As discussões na comunidade científica sobre a forma como o continente africano se divide em dois continentes foram reavivadas depois de, no dia 19 de março, ter aparecido no Quênia uma gigantesca fissura, que rasgou ao meio um vale e cortou uma estrada importante da região do Narok, no oeste do país.
A enorme fissura, com vários quilômetros de comprimento, tem cerca de 15 metros de profundidade e mais de 20 de largura, mas não é o primeiro fenômeno desse tipo que se manifesta no continente africano. Há dezenas ou centenas de pontos fracos ao longo do chamado Grande Vale de Rift, que atravessa o continente do Chifre da África, na Somália, até Moçambique.
A formação, também conhecida como Vale da Grande Fenda, é um complexo de falhas tectônicas criado há cerca de 35 milhões de anos com a separação das placas tectônicas africana e arábica, e se estende por cerca de 5 mil km no sentido norte-sul, com largura que varia entre 30 e 100 km e uma profundidade de centenas a milhares de metros.
Segundo o jornal local Daily Nation, o Quênia, atravessado pelo Grande Vale do Rift, está literalmente se partindo ao meio, e a profunda fissura de março em Narok “é apenas o começo“.

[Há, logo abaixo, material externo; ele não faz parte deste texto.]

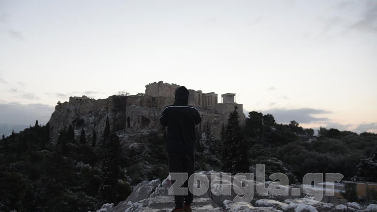 Στο κέντρο της Αθήνας ένα λευκό πέπλο σκέπασε τους δρόμους και τα κτήρια, χαρίζοντας μοναδικές εικόνες.

A fissura apareceu na zona com menor atividade sísmica do país. Segundo explicou ao jornal italiano La Vanguardia a geóloga Sara Figueras Vila, do Instituto Cartográfico e Geológico da Catalunha, “o último tremor importante nessa região aconteceu em 1928, com uma magnitude de 6.9 na Escala Richter”. Desde então, praticamente não houve atividade sísmica, assegura a geóloga.
O aparecimento da fissura sem que tenha ocorrido recentemente nenhum terremoto é um evento inesperado e preocupante. Mas segundo explica ao Daily Nation o geólogo queniano David Adede, o fenômeno poderia ter a ver com atividade tectônica e vulcânica passada na região.
No fundo do vale se encontra o vulcão Suswa. Nas proximidades, Monte Longonot. Os dois vulcões poderiam ser responsáveis por inúmeras falhas vulcânicas ocultas ao longo do território queniano do Grande Vale de Rift.
“Apesar de a fissura ter permanecido inativa no passado recente, do ponto de vista da atividade tectônica, poderia haver movimentos em profundidade que criam pontos frágeis, que se estendem até a superfície”, diz Adede.
“Essas zonas frágeis formam linhas de falha e fissuras que normalmente são preenchidas com cinzas vulcânicas. As fortes chuvas que recentemente assolaram a região poderiam ter levado as cinzas, ajudando a descobrir a fissura”, explica o geólogo.
Mas o fato de a região estar sob em duas placas tectônicas que divergem lentamente em direções opostas teria consequências inevitáveis.
Inevitavelmente, um novo continente
Dentro de 10 milhões de anos, quatro países do Chifre da África – a Somália, metade da Etiópia, o Quênia e a Tanzânia, além de uma parte de Moçambique, irão sem dúvidas se separar do resto do continente africano e formar um novo continente.
O processo, estimam os geólogos, estará concluído em cerca de 50 milhões de anos: a chamada “placa Somali” terá se tornado um continente novo por completo, separada da irmã maior, a “placa Núbia”, por um oceano novo.
Segundo um estudo de 2009, realizado por cientistas da Universidade de Rochester, no Reino Unido, o processo parece ter tido início em 2005, com o aparecimento na Etiópia de uma fissura de mais de 60 quilômetros após a erupção do vulcão Dabbahu. A falha não parou mais de crescer, e mais de uma dezena de novas falhas apareceram.
Desde então, a teoria de que a África vai se dividir em dois continentes ganhou bastante popularidade na comunidade científica, mas nem todos estão de acordo.
Em entrevista recente à NTV Kenya, o sismólogo queniano Silas Simiyu sustenta que a fissura de Narok não é uma falha vulcânica, mas apenas resultado das abundantes chuvas registradas na região. “As camadas de terra assentaram devido às chuvas e encheram os canais subterrâneos de água”, diz o cientista queniano.
Mas Lucia Perez Diaz, do Grupo de Pesquisa da Dinâmica de Falhas da Universidade de Londres, não tem dúvidas. Em termos práticos, as duas placas do continente africano estão se separando, diz a geóloga ao The Conversation. E as fissuras recentes no leste do Grande Vale do Rift são um exemplo de que isso já acontece.
Após um dramático processo, durante 50 milhões de anos, teremos então inevitavelmente algo como a Grande Núbia e o Chifre da África.